Nonetheless, the ability of WGS/WES and GWAS in causally associating genetic variation with disease is hindered by a number of significant limitations and challenges. For instance, Linkage Disequilibrium (LD), referring to the non-random association of alleles at two or more loci in a population, causes certain combinations of SNP genotypes to occur together more or less frequently than would be expected by chance. As a result, true causal variants may be found among numerous confounding variants that are irrelevant to the disease but they are just colocalized in the genome. This limitation is even more crucial for polygenic disorders, caused by the combined effect of multiple variants, as each single causal variant is expected to have a small contribution. High-resolution, fine-mapping techniques help to narrow down the set of candidate variants and determine which variants in a genomic region are most likely to be causally related to a complex trait after accounting for how the variants in the region are correlated reviewed in (Schaid et al., 2018).
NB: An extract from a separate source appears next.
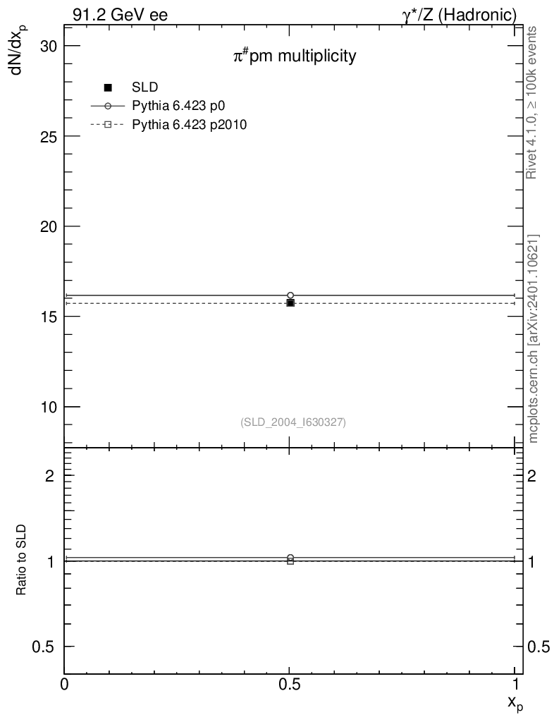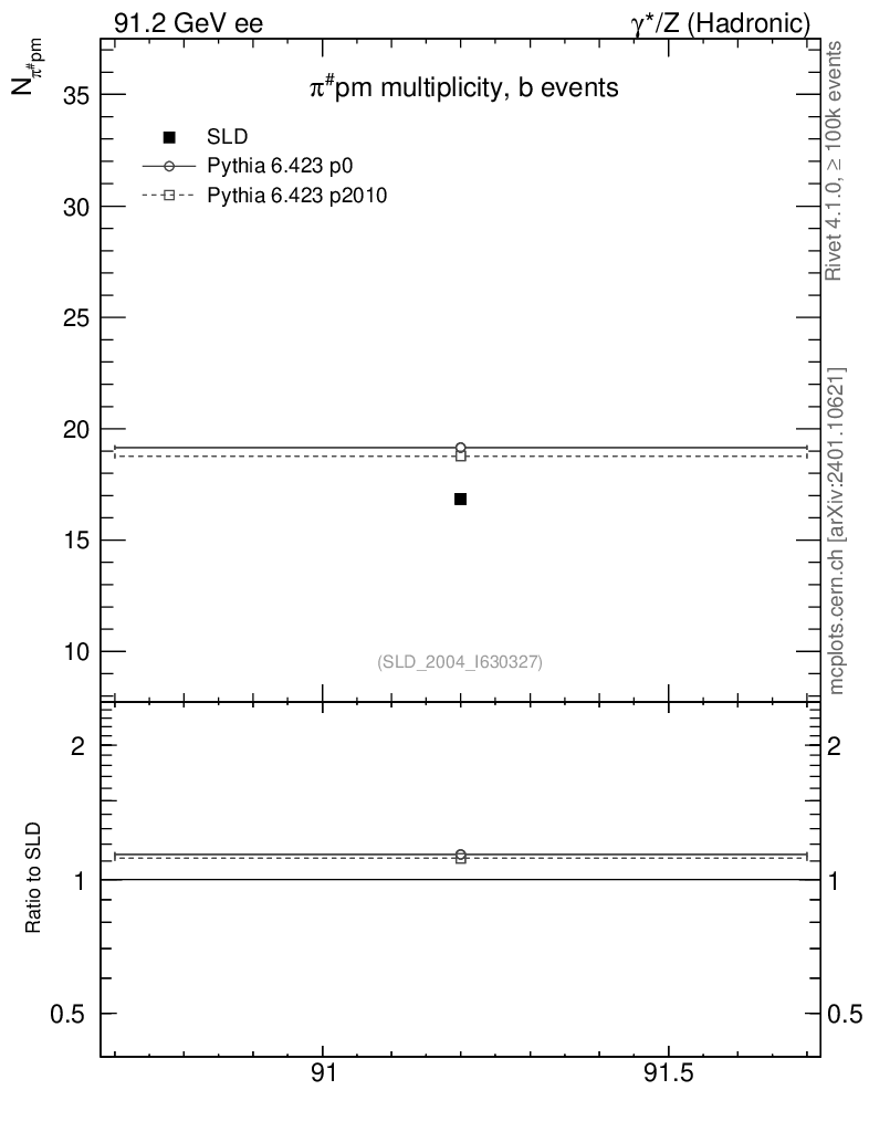 ee : γ*/Z (hadronic) : Identified Particles : π multiplicity

Another major challenge lies in the fact that the majority of human genetic variation resides in non-protein coding regions of the genome. The challenge of exploring non-coding regions (intergenic, intronic) and providing exhaustive functional annotation of these unknown regions remains substantial, despite the critical role that non-coding regions play in human disease (Zhang and Lupski, 2015). Nonetheless, the crux of a mechanistically insightful genome annotation lies in the functional interpretation at the gene level, rendering the interpretation of intergenic and non-coding variants particularly difficult. The expanding collection of human WGS data, combined with the understanding of regulatory elements such as promoters, enhancers, TFBS, non-coding RNAs, and transposable elements, has the potential to transform our limited knowledge of the functional importance of these regions into a wealth of information. In addition, genomic regulation studies benefit from advanced sequencing techniques such as Hi-C (Lieberman-Aiden et al., 2009), which give insights to the three-dimensional (3D) organization of the genome and maps global physical interactions between different genomic regions. Thus. Hi-C is able to map long-range interactions by identifying physical contacts between regulatory elements and gene promoters in 3D space. These advancements will enable researchers to explore non-coding regions of the human genome, unearthing valuable insights with significant implications for various diseases and pathologies.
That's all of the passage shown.